He’s not even president yet, but Donald Trump seems to have found the key to motivating American CEOs collectively and individually to the kind of action he wants from them: Speak loudly and carry a huge Twitter following.
The latest case in point was the decision announced this week by Ford CEO Mark Fields to reverse the company’s plans to build a new plant in Mexico to build small cars that are currently being built in the United States.
Seeming to acquiesce to one of Trump’s biggest complaints on the campaign trail, Ford won’t add capacity south of the border to build Focus and other small-car models. Instead, it will make them at an existing plant in Mexico. Meanwhile, Fields announced a beefing up of jobs in Michigan as the company ramps up production of new electric vehicles and heads toward self-driving models.
Some complain that Trump is constructing an ad hoc industrial policy 140 characters at a time even before he gets to the White House. They observe that he picks selectively on certain companies. Ford, Carrier, Boeing and Lockheed Martin’s CEOs all have been subject to Trump’s pointed post-election criticism. In any event, their spotlight serves as a warning to other CEOs.

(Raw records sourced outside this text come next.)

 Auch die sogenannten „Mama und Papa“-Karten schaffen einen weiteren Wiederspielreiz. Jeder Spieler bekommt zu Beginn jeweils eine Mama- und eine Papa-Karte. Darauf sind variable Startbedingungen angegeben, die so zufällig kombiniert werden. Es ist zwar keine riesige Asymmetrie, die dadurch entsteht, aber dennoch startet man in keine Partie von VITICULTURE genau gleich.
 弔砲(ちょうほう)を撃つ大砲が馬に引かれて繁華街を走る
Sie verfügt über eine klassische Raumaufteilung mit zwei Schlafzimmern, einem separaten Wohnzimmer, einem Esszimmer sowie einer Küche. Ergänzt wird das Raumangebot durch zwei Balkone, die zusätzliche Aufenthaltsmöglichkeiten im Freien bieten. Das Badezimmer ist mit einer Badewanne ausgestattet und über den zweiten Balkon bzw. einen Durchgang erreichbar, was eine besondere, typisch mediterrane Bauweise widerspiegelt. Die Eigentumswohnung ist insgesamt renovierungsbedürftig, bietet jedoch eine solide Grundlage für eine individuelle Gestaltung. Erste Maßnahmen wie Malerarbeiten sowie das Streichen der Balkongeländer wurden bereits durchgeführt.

But there has been another effect of Trump’s frenetic activity during the transition: Collectively, CEOs are looking right past the Obama administration to a near future in which they believe that growth will take hold and the economy will gain over its sluggishness of the last eight years.

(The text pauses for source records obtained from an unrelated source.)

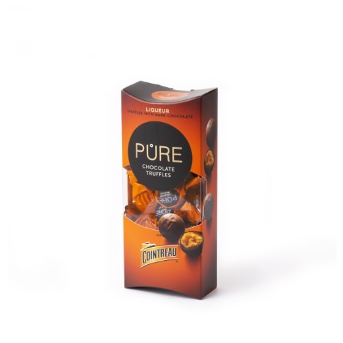 - Juodojo šokolado triufeliai PURE su kreminiu apelsinų likerio „COINTREAU” įdaru, 108g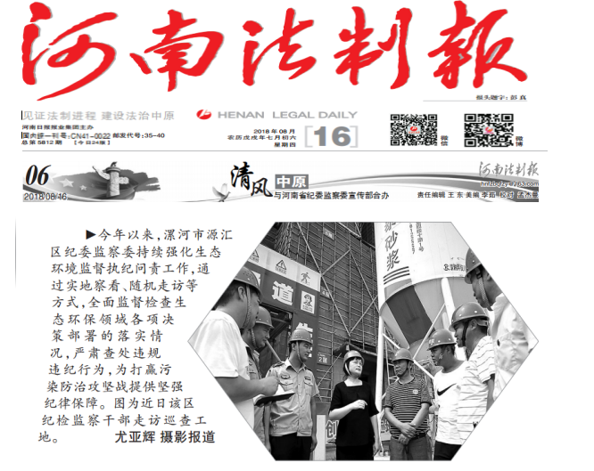 ▶今年以来,漯河市源汇区纪委监察委持续强化生态环境监督执纪问责工作,通过实地察看、随机走访等方式,全面监督检查生态环保领域各项决策部署的落实情况,严肃查处违规违纪行为,为打赢污染防治攻坚战提供坚强纪律保障。图为近日该区纪检监察干部走访巡查工地。 尤亚辉摄影报道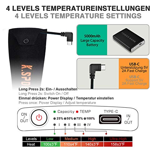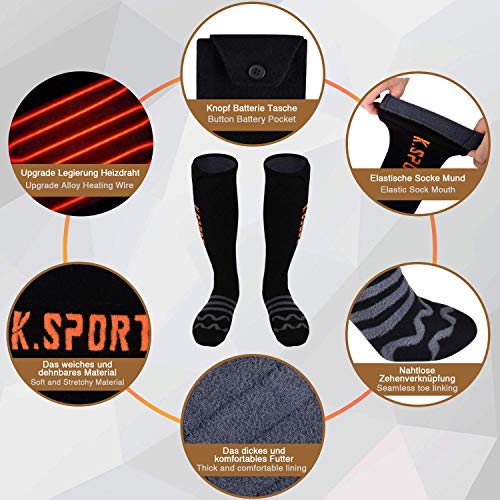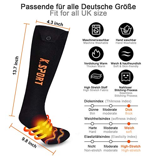 Specification: KirinSport Verwarmde sokken, geüpgraded, oplaadbaar, 5000 mAh batterij, voor heren en dames, verwarmde sokken voor koud…

“This is a vote of confidence in President-Elect Trump and some of the policies he may be pursuing,” Fields told reporters about his Mexico decision. “We see a more positive U.S. business environment under Trump.”
At the same time, Fields also insisted that Ford would have made the same decision about the new plant in Mexico regardless of who the president would be. Small-car sales have been fading for some time, he said, making it perhaps wiser for Ford to forego construction of an entire new plant—anywhere—to make them.

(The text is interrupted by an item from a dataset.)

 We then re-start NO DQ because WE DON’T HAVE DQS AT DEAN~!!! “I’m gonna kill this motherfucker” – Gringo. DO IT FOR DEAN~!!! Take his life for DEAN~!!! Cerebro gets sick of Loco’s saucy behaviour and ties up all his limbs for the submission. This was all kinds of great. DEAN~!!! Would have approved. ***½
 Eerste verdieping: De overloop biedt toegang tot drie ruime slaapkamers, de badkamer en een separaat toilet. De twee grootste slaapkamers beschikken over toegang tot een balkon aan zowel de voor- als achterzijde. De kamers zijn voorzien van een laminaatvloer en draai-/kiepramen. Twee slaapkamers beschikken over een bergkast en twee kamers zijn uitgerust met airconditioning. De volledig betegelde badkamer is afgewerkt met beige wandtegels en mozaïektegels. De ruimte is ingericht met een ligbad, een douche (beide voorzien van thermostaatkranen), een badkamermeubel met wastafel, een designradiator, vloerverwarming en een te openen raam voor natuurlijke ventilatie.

Beyond winning such individual showdowns with CEOs in his crosshairs, Trump also has been managing to build a collective confidence in American CEOs that appears ready to hatch in one of the most important ways: an uptick in business investment and spending, even despite rising interest rates.
“We could be in store for a significant [capital-expenditure] boom” as CEOs gain confidence that the Trump administration and Republican congressional majorities will bring regulatory rollbacks, corporate tax breaks and increased infrastructure spending, Charles Mulford, an accounting professor at Georgia Institute of Technology, said.
One way or another, President Trump is likely to continue to focus on the actions, interests and concerns of CEOs. Business leaders seem to be ready.